Billboard Canada FYI Bulletin: A Walk Down Memory Lane, Part 2

The scribe has a moment of déjà vu as he recounts people past and present that have populated his life.

This is part two in a series where Billboard Canada FYI columnist David Farrell reflects on people past and present who have impacted him during his lengthy career in media, and who have touched the Canadian music industry. Read part one here.

Reggie Bovaird

Dubbed “the Bouncer Poet," Reggie was a doorman, first at the Nickelodeon on Yonge Street and then the El Mocambo during its golden era with Mike Baird as the owner, and then at the Silver Dollar Strip club just up the road on Spadina Avenue.
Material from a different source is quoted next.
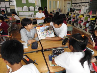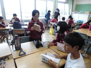 10月11日(金)の朝の活動は、ビブリオタイムでした。本校では、学力向上の取組の一つとして、読書活動の推進、地域と一体となった川柳づくりに取り組んでいます。読書活動の推進では、日頃子どもたちが読んだ本の紹介をするビブリオタイムを設定しています。この発表会は、表現力の向上のねらいもあります。グループごとに読んだ本を紹介し、さらにグループで読んでみたい本に選ばれた代表児童が学級全体で発表します。本日は、その学級のチャンプ本を選ぶ活動をしました。今後、低中高学年ごとのブロック別、さらに学校全体でのビブリオタイムへと発展していきます。

He was a big lad who knew how to throw a punch when needed, but he could also be soft and courteous and was loved by the regular patrons as much as the performers who appeared in these working men’s rooms. Reg also loved to write poetry that was more than respectable and, often, on Saturday afternoons, he could be found on stage at Grossman’s Tavern reciting his verses. Lena Macdonald would make a 10-minute doc about this gentle giant, simply entitled “Reggie.” He died from cancer in 2013. If one was part of the music scene during the heyday of the El Mo, Reggie was someone you needed and then wanted to know.